We organized the session so that we went from the broad to the narrow. We wanted to understand the person, their values, contexts and motivations first before diving deeper into user testing the application. We hoped that this would give us a richer understanding of why people were seeing things the way they were.

We recorded the screen and the facial expressions of our user as they used Wellspringboard. Matching what they were doing with what they were saying and their facial expressions provided us with more in-depth insights.

We got some great insights from these user testing sessions. We analyzed these insights using affinity maps, color coded theme analyzers and card sorting. The findings were then used to update Wellspringboard.

Physician interviews

Given the time constraints and the fact that we were surrounded by physicians, we chose to rely on our assumptions. We did not focus user research efforts on our physicians. We assumed that if we build it, they will use it.


Now that we had solid, tested designs, we set out to actually build Wellspringboard. We created user stories in Trello and and used those to track our progress. In this phase, I took upon the role of a project manager and a development liaison.

Our Trello board. We used it to track progress and knock-out user stories.


In June 2016 we opened Wellspringboard to the world. We received coverage internally at the University, and externally around the state:

Patients loved it

By August that year, we had over 70 ideas submitted by patients and caregivers.Patients told us that they were thankful to have a voice, and very hopeful that they would be able to make a difference.


While we received great ideas from patients, and while U-M has many researchers searching for cures and improving treatments, we simply were not been able to match all the ideas with researchers who had the time and resources to take on another project. While researchers were interested in the idea, the incentives available were just not enough to compete with those available from bigger funding agencies.

The success of our failure

So, after much deliberation, we concluded the WellSpringboard experiment and set out to build what we learnt from it into improving our community engaged-research efforts across the research spectrum. We accepted that we needed to rework our researcher participation model. Making patient ideas visible and priorities known was just one piece of the puzzle — we understood that we needed to, and are, building an entire structure around community-based research initiatives. The learnings from Wellspringboard form the foundation of our strategic vision for using technology to engage communities around health research.

Assumptions are an inevitable part of product development. This project taught me the importance of managing risk while making assumptions.

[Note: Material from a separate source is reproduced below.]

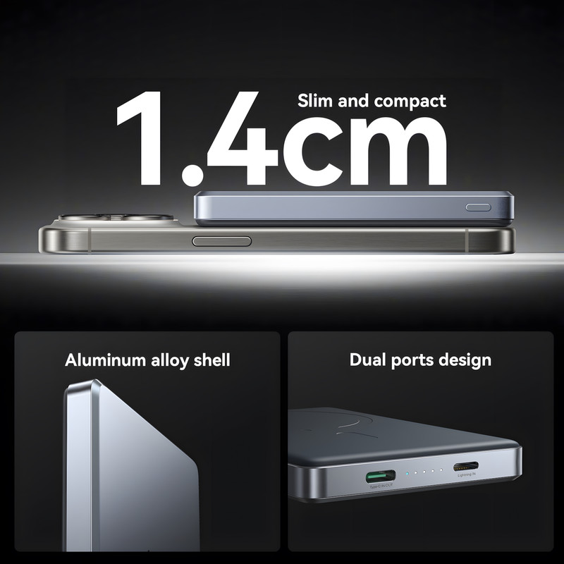 ما در تکنیک تل به دنبال خلق تجربهای متفاوت و حرفهای برای مشتریان خود هستیم. پاوربانک جوی روم مدل JR-PBM08 Pro یکی دیگر از محصولات برجسته تیم ما میباشد که با طراحی فوقالعاده نازک و ویژگیهای پیشرفته، یک انتخاب بینظیر برای کاربران مدرن است که به دنبال کارایی بالا و راحتی بیشتر هستند. این پاوربانک با ظرفیت 10,000 میلیآمپرساعت و پشتیبانی از فناوری شارژ سریع PD 20 وات، دستگاههای شما را تا سه برابر سریعتر از شارژرهای معمولی شارژ میکند. قابلیت شارژ بیسیم تا 15 وات با عملکرد Snap-and-Charge، به شما امکان میدهد بهسادگی و بدون نیاز به کابل، گوشی خود را شارژ کنید. همچنین، امکان شارژ همزمان دو دستگاه (بیسیم و باسیم) از ویژگیهای برجسته این محصول است که نهایت کارایی را برای شما فراهم میآورد. بدنه این پاوربانک از جنس آلیاژ آلومینیوم، PC و ABS ساخته شده که علاوه بر دوام بالا، طراحی زیبا و وزن سبک (176 گرم) را ارائه میدهد. ابعاد کوچک آن (103×68×14 میلیمتر) مشابه اندازه یک کارت کوچک، به شما امکان میدهد آن را به راحتی در جیب یا کیف خود حمل کنید. ماژول مغناطیسی قوی 10N اتصال پایدار و ایمنی گوشی شما را حتی در حرکت تضمین میکند. چراغ نشانگر LED هوشمند، وضعیت شارژ و میزان انرژی باقیمانده را بهوضوح نمایش میدهد و شما را از میزان شارژ پاوربانک و دستگاههای متصل آگاه میسازد. با این ویژگیها، پاوربانک جوی روم مدل JR-PBM08 Pro انتخابی ایدهآل برای استفاده روزمره، سفرها و شرایط مختلف است. پاوربانک جوی روم مدل PBM08 Pro انتخابی ایدهآل برای افرادی است که به دنبال محصولی باکیفیت و قابل اعتماد برای استفاده طولانی مدت هستند. توجه داشته باشید، محصولات اورجینال جوی روم را تنها از تکنیک تل تهیه کنید. قیمت پایین برخی فروشندگان نشاندهنده عرضه محصولات کپی و تقلبی است. با خرید پاوربانک جوی روم مدل JR-PBM08 Pro از تکنیک تل، کیفیت، اصالت و عملکردی بینقص را برای خود تضمین کنید. تکنیک تل، انتخاب هوشمندانه برای تجربه فناوریهای اصیل.

  • Buyers and sellers are partners. As such, the buyer experience is just as important as the seller experience. We focused all our user research efforts on our patients and assumed, based on the echo-chamber that we were in, that the researchers would come. This broad assumption left us with no way of understanding all the barriers that our researchers would face.
  • Assumptions are an inevitable part of product development but I now try to synthesize the teams I work with to manage risk while making assumptions.